Table 4. Analysis of Variance from Analyzing Residuals from Region-Specific Relationships (log(Chla)–log(TN) Relationship in Figure 11C) vs. log(TP) with an Intercept Specific to the Coastal Ecosystem, i.e., Residual = α_ecosystem + β × log(TP)^a.

		TP-dependent slope			ecosystem-specific intercept
region	dferror	β	F	p	dfecosystem	F	p
Chesapeake Bay	141	–0.30	4.13	0.0440	7	5.36	<0.0001
Denmark coast	245	–0.07	2.32	0.1289	10	24.07	<0.0001
Tampa Bay	99	0.24	13.46	0.0004	4	17.42	<0.0001
Wadden Sea	184	–0.21	10.45	0.0015	7	31.14	<0.0001

^aResiduals were weighted by the inverse variance of the annual Chla means.

Discussion

Widespread evidence of coastal eutrophication starting in the 1970s led scientists to develop predictive frameworks to guide nutrient abatement plans, building on early experiences from freshwater management.^14,15 Our mechanistic understanding of eutrophication processes has evolved in parallel from simple nutrient-driven relationship to complex models involving various trophic levels and ecosystem-specific features.(8) Yet, the belief that phytoplankton biomass should decline with decreasing nutrient inputs, and thus concentrations, in a manner similar to the way it increased remains a pervasive principle in the management of coastal ecosystem (e.g., (12)). The results presented challenge this belief, with important implications for nutrient management and the evaluation of its effectiveness.

Nutrient inputs from land and atmosphere can be controlled by appropriate management measures, but nutrient inputs from sediments(28) and exchanges over the open boundary(29) can also be considerable. Except for systems with strong light limitation increasing inputs of nutrients enhances phytoplankton growth and consequently biomass,^8,30 but total inputs from all nutrient sources are difficult to estimate, resulting in poor relationships between nutrient loading from land and phytoplankton production.(31) Total nutrient concentrations, representing a balance between inputs and losses, constitute good general predictors for phytoplankton biomass(31) and can be linked to nutrient input from land through system-specific relations (e.g., (32)). Therefore, a general relationship describing the effect of nutrient enrichment on phytoplankton biomass would be expected for total nutrient concentrations.

Should we Expect a Simple, General Chla–Nutrient Relationship?
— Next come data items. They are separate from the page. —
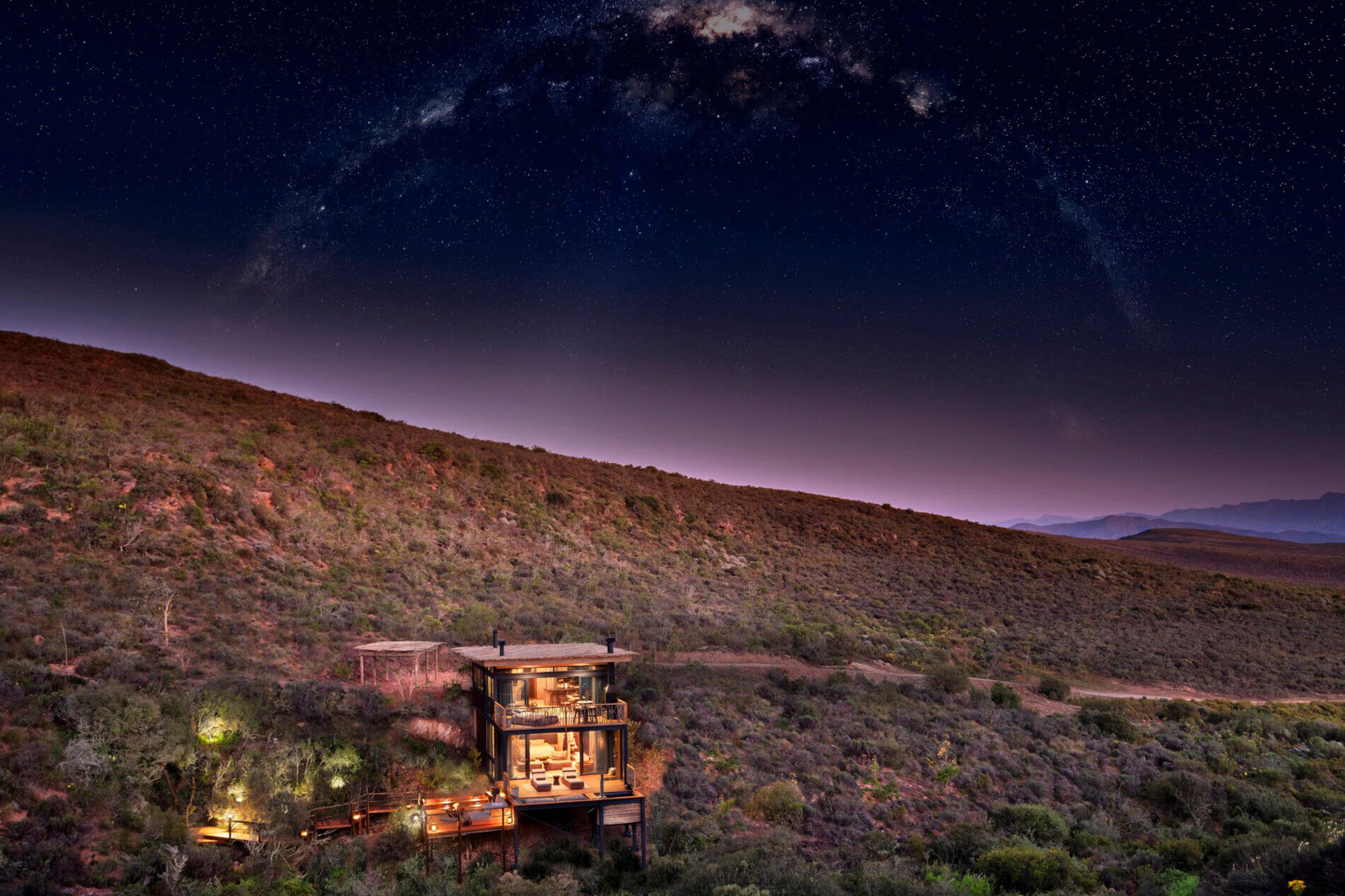Where forest meets sea, Tsitsikamma surprises with its darkness. Once the sun drops beyond the Indian Ocean, the forest canopy frames a sky that feels cinematic. You hear the surf, smell the salt and look up to find a galaxy hanging over ancient yellowwoods. The combination of coastal moisture and clear air after winter rains often produces particularly crisp nights. This stretch of the Garden Route is famed for eco-adventure, but at night it becomes contemplative, a natural planetarium in surround sound. The Tsitsikamma Pyramid, a geometric glass-roofed stay, was designed for exactly this. Lie back in bed while stars multiply overhead. It’s restrained luxury with a celestial ceiling. Wake before dawn and you’ll catch Venus rising through the mist, forest silhouettes turning blue and the first hornbill call echoing through the trees.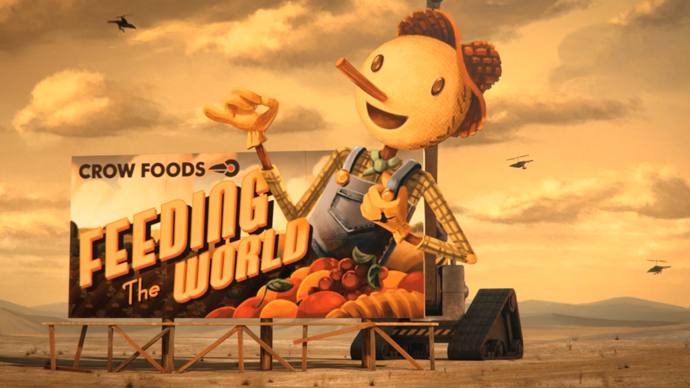 LINDBERG: There was a time where there was a bad guy. There were these masked scientists that were working behind the scenes — you never saw their faces and they were controlling the machinery, and it just seemed too complex to have another sort of character in our world. We've got the citizens — the consumers — you've got the crows, and you've got the scarecrows. It was like a lightning bolt for us when we were looking at scarecrows and it was like, "Scarecrows, why don't we make them the farmer?" Make them the definition of what the farm is and this idea of farms, and sort of imbue that all onto the scarecrow.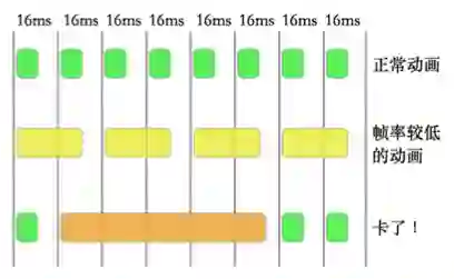但是,动画是讲究帧率的,一般如果能达到每秒60帧,那就和电影一样是很流畅的动画效果了。计算公式:1000ms/60fps=16.67ms,这就要求我们每次动画里的业务逻辑计算,都要16.6ms里完成,不能影响下一帧的显示,否则就是卡顿,也就被人说这个游戏好卡,性能好差了。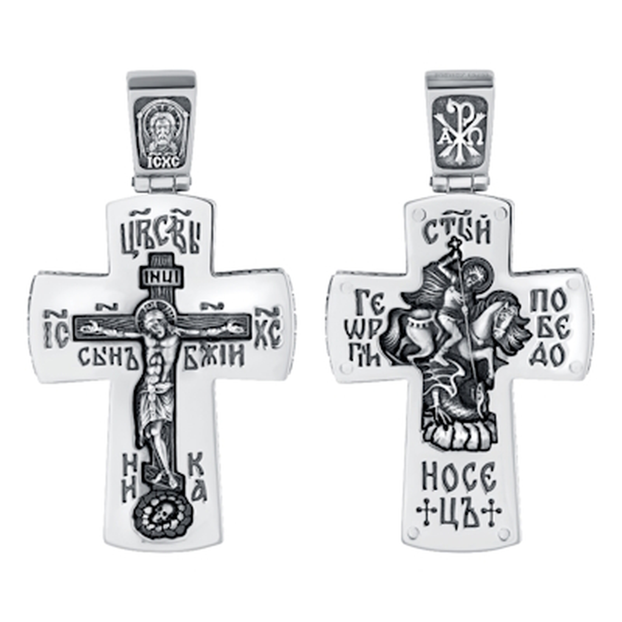 Крест с Распятием и образом святого Георгия Победоносца от мастеров ювелирного дома Иордань представляет собой важный православный символ, наполненный глубоким религиозным значением. Лицевая сторона: На лицевой стороне креста изображён образ Спасителя, наполненный величием, характерным для православной иконографии. Его фигура передает чувство объятия всего человечества, напоминая о Его крестных страданиях ради спасения людей. Над фигурой Спасителя располагается надпись "Царь Славы", подчёркивающая Его божественное величие и царскую природу. Над фигурой Спасителя находится табличка с надписью "IHЦI", что согласно преданию, была прибита по приказу Понтия Пилата и означает "Иисус Назарянин, Царь Иудейский". Слева и справа от Спасителя видны сокращения "IC XC" ("Иисус Христос") и "СЫН БОЖИЙ", указывающие на Его божественное происхождение. В нижней части креста череп и кости, символизирующие голову Адама, и надпись «Ника», что означает "Побеждающий". Оборотная сторона: На оборотной стороне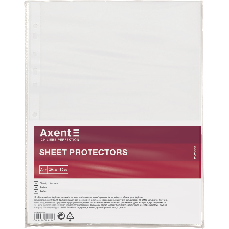 Файли А4, 90мкм, 20шт/пач, AXENT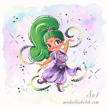 This is a fine art reproduction of an original painting with cute teeny green genies. Available in two sizes: 4x4 inches and 5x5 inches.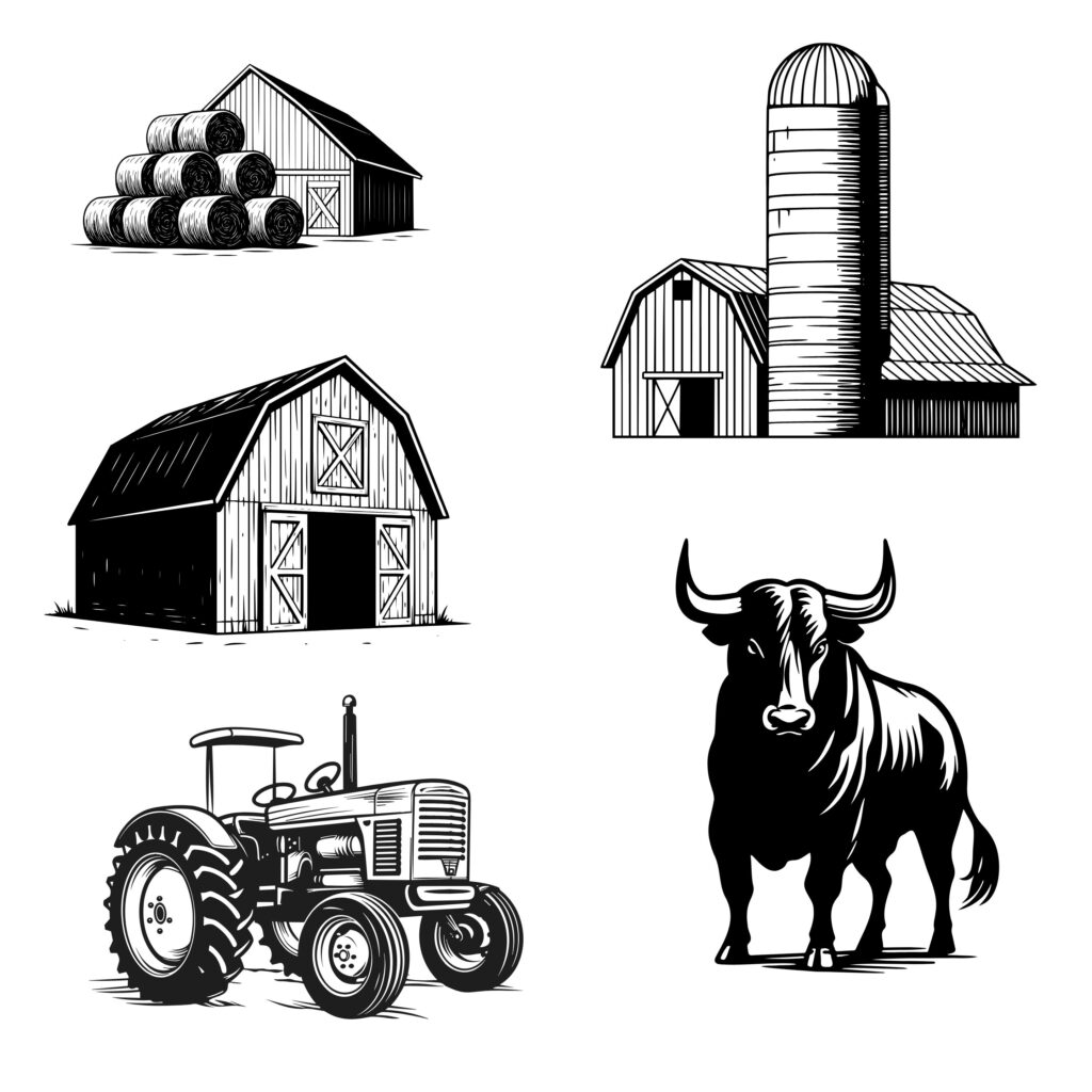 Black and white illustrations feature sample design elements a barn with hay bales a barn with a silo a standalone barn a tractor and a bulleach depicted separately on a white background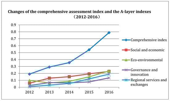 Changes of the comprehensive assessment index and the A-layer indexes (2012–2016) Notes: The data are from the results of the indexes evaluation.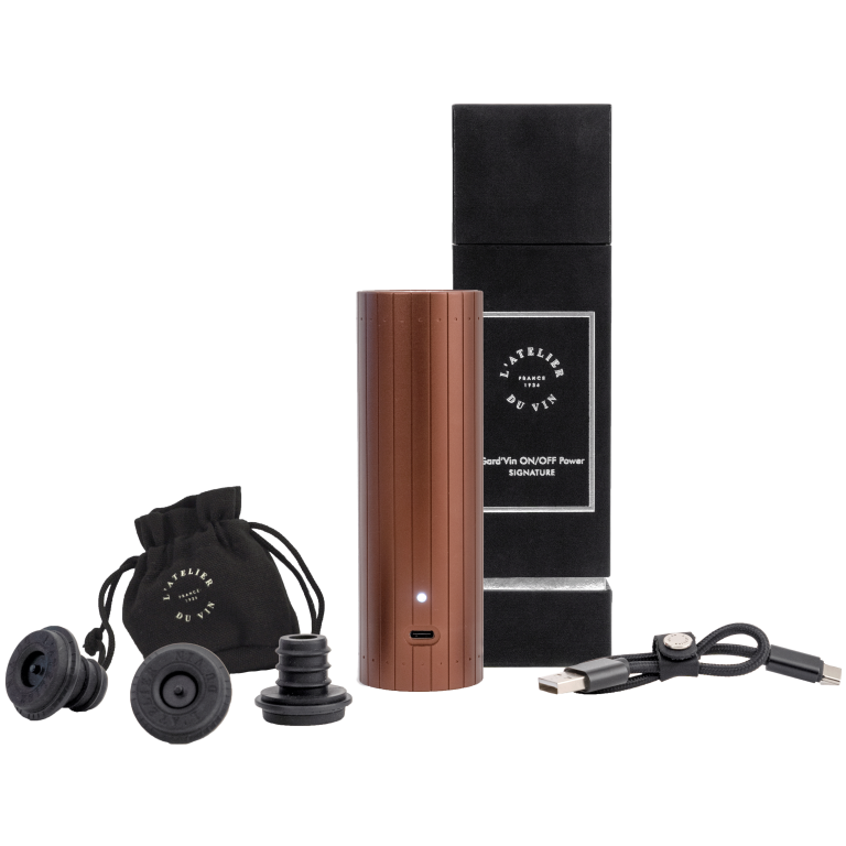 Comme la pompe manuelle « Gard’Vin On/Off », la nouvelle version « Power » est une pompe à vide, saluée par des professionnels du vin – œnologues et sommeliers – qui permet de prolonger la durée de vie et la fenêtre de dégustation de vins précieux, après leur ouver-ture. Grâce à son fonctionnement électrique, elle permet de plus, une mise sous vide encore plus efficace et précise. L’absorption de l’air qui se fait automatiquement, est indiquée par un signal sonore et par une lumière LED blanche qui indique la progression de l’opération. Une fois le vide d’air obtenu, son moteur se coupe de lui-même. Côté design, son corps en ABS a été travaillé de telle façon à rappeler les pressoirs en bois, qui symbolisent le monde du vin. Très actuel, son coloris Noir mat souligne le caractère technologique de cet outil chaleureux et instinctif, qui porte le sceau de L’ Atelier du Vin, embossé sur le disque métallique supérieur. Naturellement livré avec un cordon de charge, le « Gard’Vin On/Off Power », est présenté en coffret, avec trois bouchons techniques à valve et mémoire de date de mise sous vide. Dans sa version luxe en fonte d’aluminium – « Gard’Vin On/Off Power – Signature » – le produit et ses accessoires se découvrent dans un élégant écrin qui évoque les plus beaux coffrets de parfum. La pompe parée d’un superbe marron, inspiré des pressoirs, y est protégée par une bourse en tissu noir.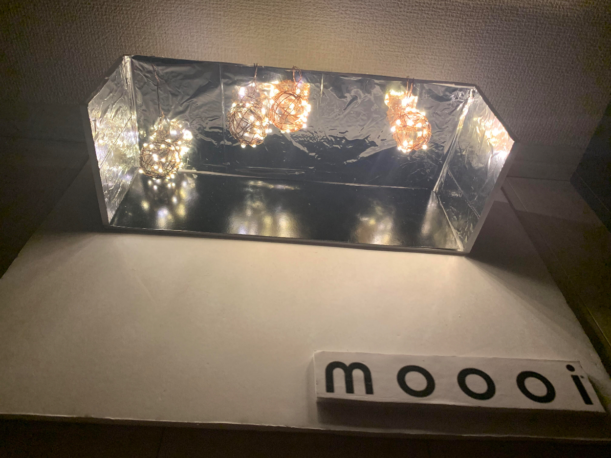 ▼最大の特徴を活かすためにはシンプルに仕上げる事が大事だと思い、周りを全て鏡張りにし、足元を黒くし電球自体を光らせました。それにより、実際に宇宙かと錯覚させるような奥行きや鏡に写ったRaimondを楽しむ事ができ、足元の暗さから浮遊感をも醸し出して見る人の想像を駆り立てるような体験型になっています。
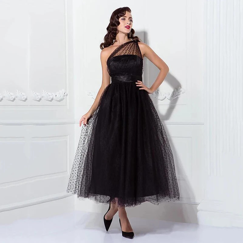 Платье женское ТРАПЕЦИЕВИДНОЕ на одно плечо, из тюля, до щиколотки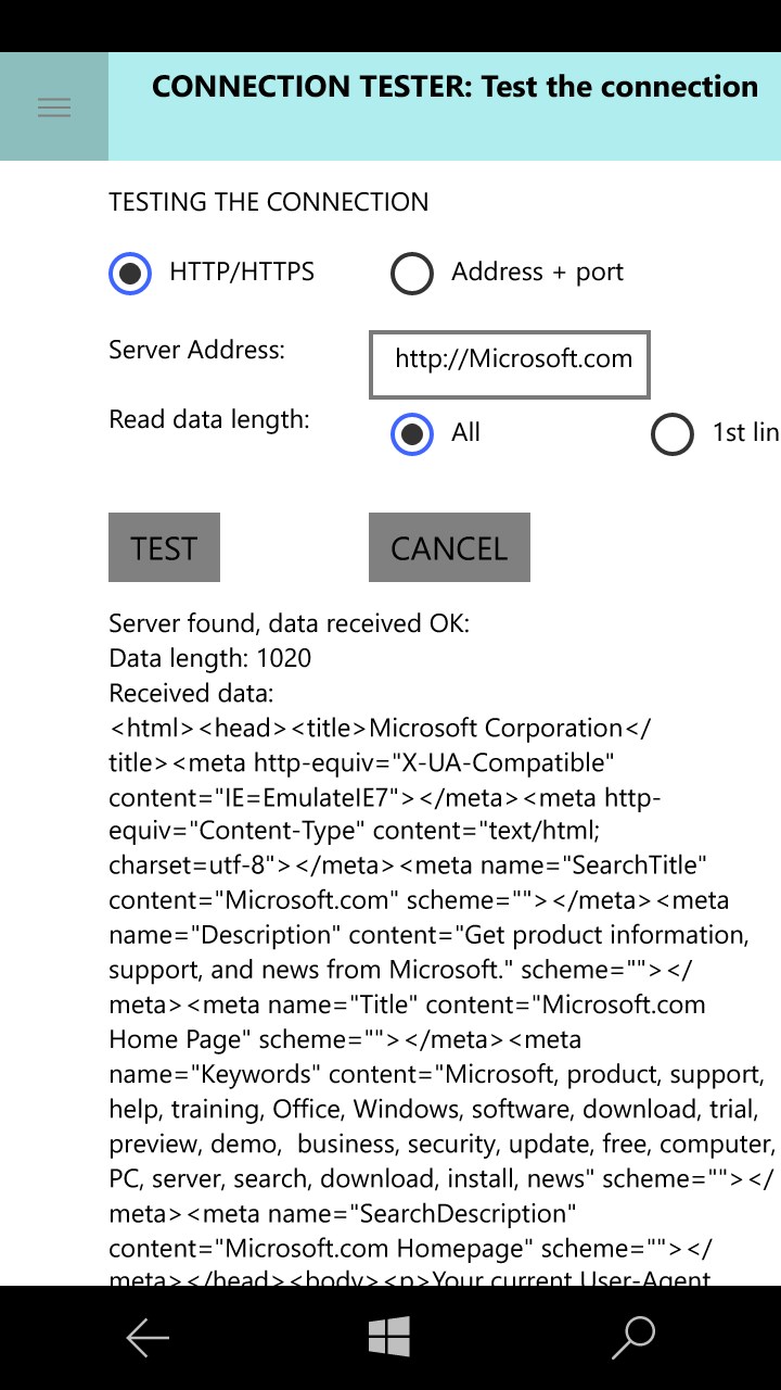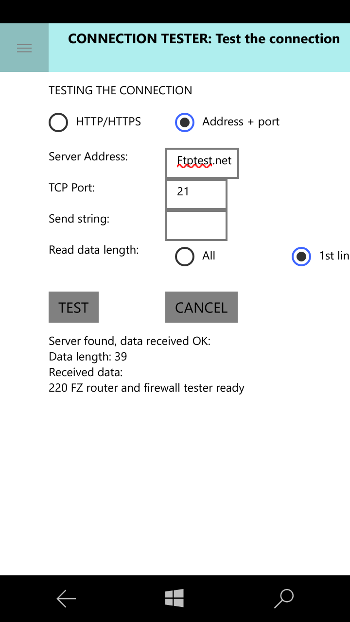 TEST: Checks the connection to a user-defined http server or a specific TCP port in a server.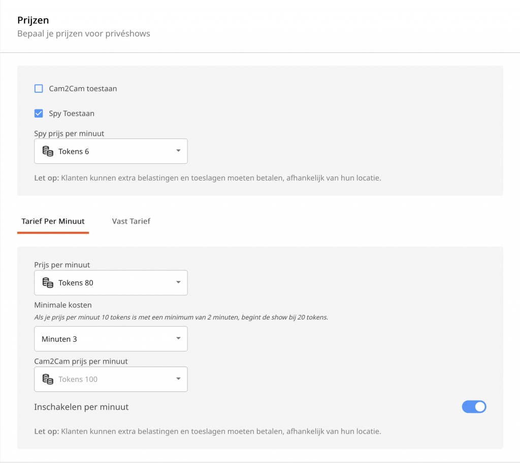De sectie “Prijzen” stelt je in staat om verschillende prijsniveaus te definiëren op basis van de duur van de privateshows die je aanbiedt. Deze flexibiliteit stelt je in staat om zowel korte interacties als langere, meer gepersonaliseerde sessies te accommoderen.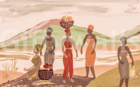 Immerse yourself in the warmth and vibrancy of African heritage with "Echoes of the Motherland." This exquisite wallpaper captures the essence of a bountiful harvest and the enduring spirit of African women. Graceful figures, adorned in vividly colored traditional attire, stand against a serene landscape of hills and water, their silhouettes conveying strength and elegance. The scene is punctuated by baskets overflowing with nature's bounty, symbols of prosperity and community. The soft, earthy tones create a calming yet visually striking backdrop, making it ideal for bringing a touch of cultural richness and tranquility to your digital space. Let this artwork transport you to a land where beauty, tradition, and the harvest of joy intertwine, creating a captivating celebration of the Motherland.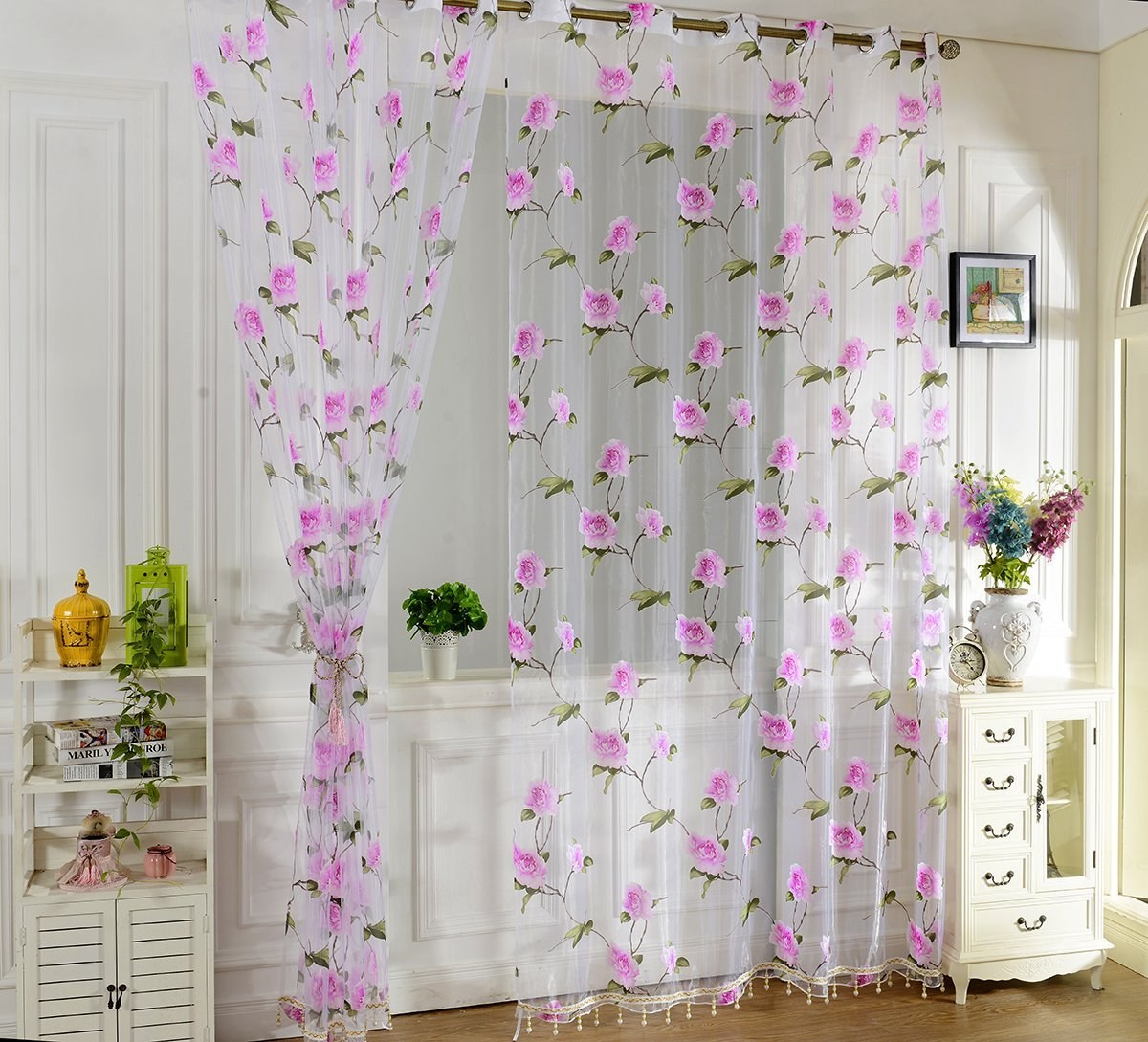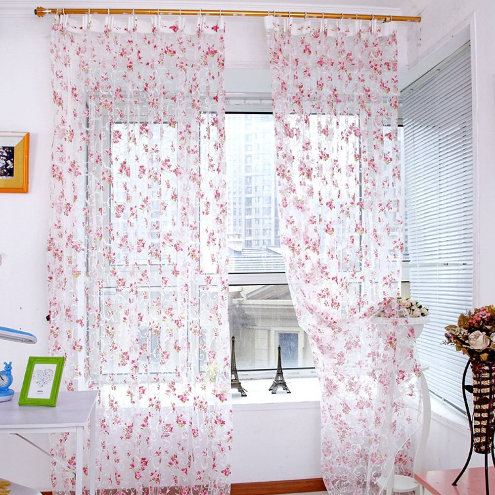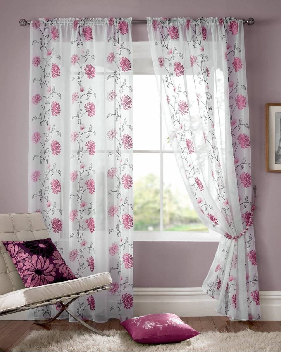 Тюль в цветочек в интерьере (41 фото)

Recognition of the prevalent role of nutrients, particularly nitrogen, in limiting phytoplankton abundance in marine ecosystems³³⁻³⁵ drove efforts to derive a general relationship allowing the prediction of chlorophyll a from nitrogen concentrations. Power functions of various kinds were used to describe the relationship between Chla and nutrients as such models are quite flexible and easy to estimate by linear regression on a log–log scale. Chla–nutrient relationships are expected to eventually flatten out because of density-dependent processes, such as self-shading and allelopathy.(36) This implies a slope <1 on the log–log scale as found in the global and regional models presented here (Figure 1), as well as in models presented by Nixon et al.,(37) who reported a scaling exponent of 0.72. However, some studies reported slopes >1,^12,13,20 suggesting that other mechanisms enhancing Chla covaried positively with nutrient levels in the ecosystems studied. Carstensen and Henriksen(32) found that the slope decreased from 0.92 to 0.53 when a system-specific intercept was included in the relationship, also indicating a positive covariation between TN levels and other mechanisms favoring high Chla concentrations. Our results, combined with those from Carstensen and Henriksen(32) and Nixon et al.,(37) suggest that Chla should scale to TN with a scaling exponent between 0.5 and 1.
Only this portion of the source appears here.